Though she only spent a few years in Canada before returning to London, she said that time made such a huge impact on her that she continued to long for the wide, open spaces and dramatic landscapes of her childhood, making it a priority when she became an adult.
“When I had my children, I wanted them to experience this freedom that I’d experienced, so I started taking them to Wyoming,” she said. “I realized that it had such resonance for me, such deep emotional resonance, that it fed into my work, so I began taking solo road trips in the American West and started drawing everything I saw in these little notebooks. “
A chance encounter brought Murphy to spend a lot of time in Dunton, Colorado. She said many of the paintings for her show at Galerie Maximillian were directly inspired by the charcoal drawings she made while traveling around and exploring the Centennial State.

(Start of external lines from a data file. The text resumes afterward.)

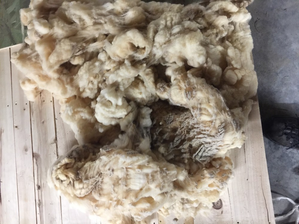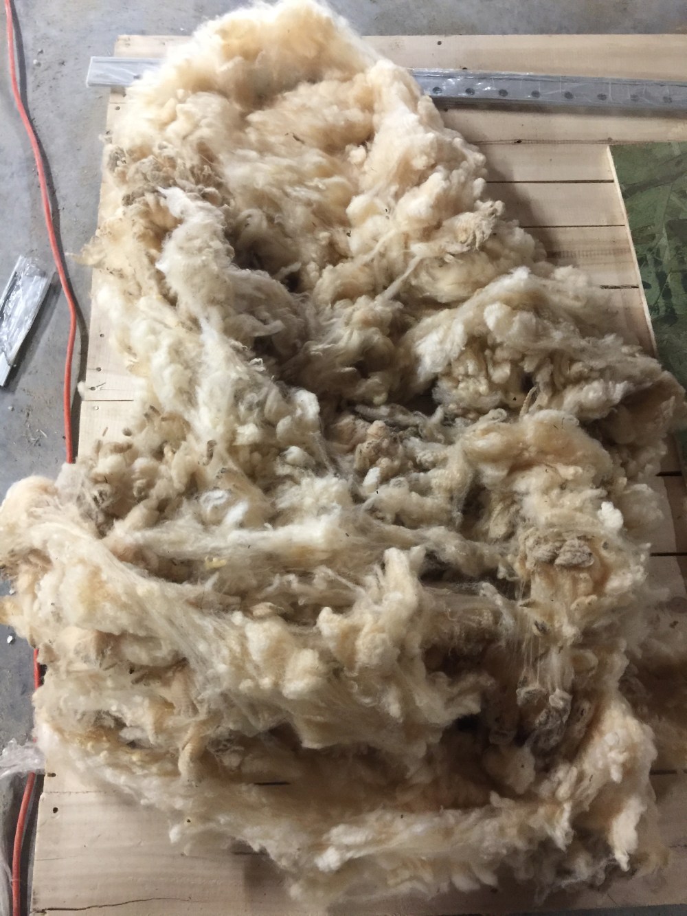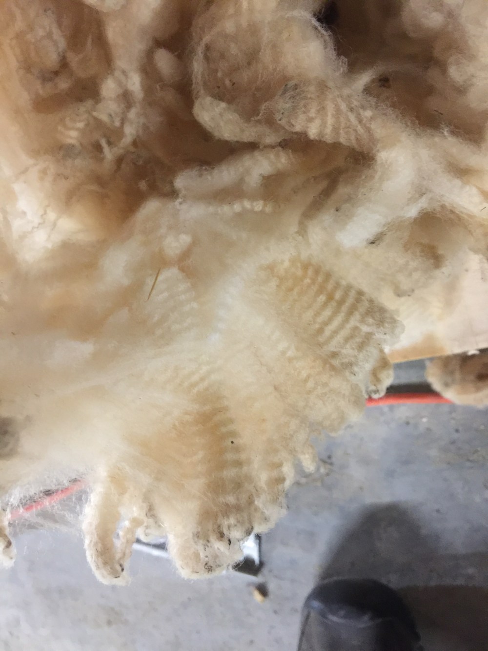 2 year old Rambouillet/Cormo wether. He was coated but this fleece got wet. It has a little musty smell but it washed out with just a bit of Dawn. Over 3″ staple, string and crimpy, washes out to a bright white. $30 for this fleece
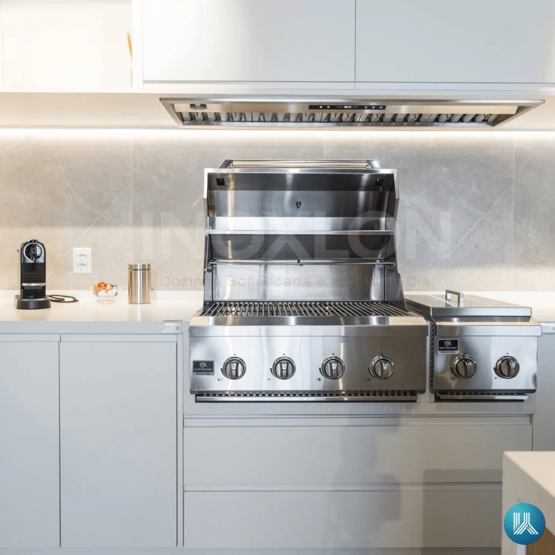Design Professional Built-in: Com manípulos ergonômicos e acabamento premium, este modelo soluciona a estética da sua área gourmet, permitindo composições harmônicas com coifas e dominós da mesma linha.
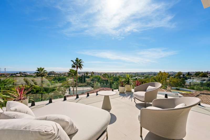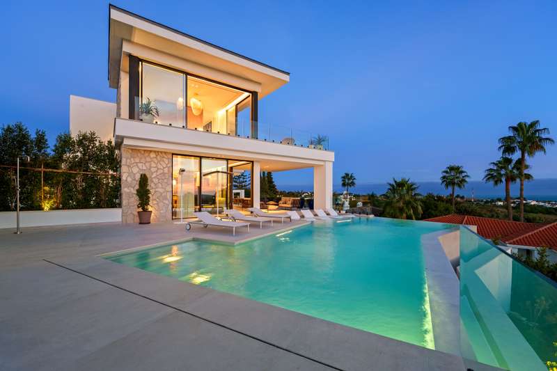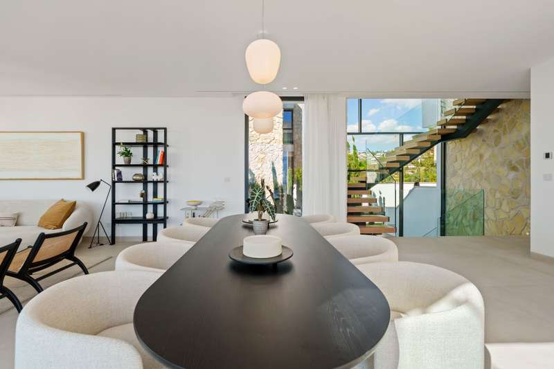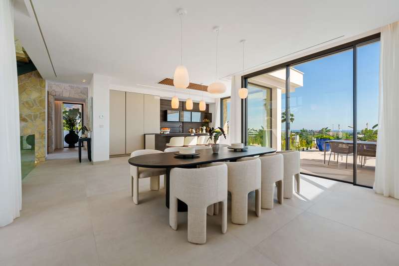 Tresora Villa C is a magnificent contemporary residence within the private Tresora Villas enclave in La Quinta, Marbella. Created by Cogitari Homes, it reflects the perfect harmony between sophisticated architectural design and the serene natural beauty that surrounds it. Set between the Mediterranean Sea and La Concha mountain, this exclusive villa enjoys panoramic views across the golf valley and coastline while offering total privacy and tranquillity. The villa unfolds over three spacious levels and includes five bedrooms and five bathrooms. The main floor features open and fluid living spaces, a designer kitchen, and elegant dining areas that open onto generous terraces and a stunning infinity pool of 51 m². Every space is designed to maximize natural light and frame the exceptional scenery, creating a seamless indoor–outdoor living experience. The upper level hosts the master suite with its private terrace, walk-in dressing area, and luxurious bathroom, alongside additional gues

She began drawing the moment she was able to pick up a pencil. She noted that growing up in a working-class family, she didn’t have anyone taking her to museums or galleries to learn about and appreciate art. She took the initiative to seek it out herself.
“We used to get a bus from this place called White Chapel Road where we lived, and it took you to Trafalgar Square, which is where the National Gallery was,” she said. “It was free, and I used to go there because it was free. I remember being about nine or 10 and seeing Rembrandt and and thinking, ‘I have to do that. I want to do that.’ That’s why I believe museums should be free; if it hadn’t been free, I wouldn’t have experienced that and might not be where I am today.”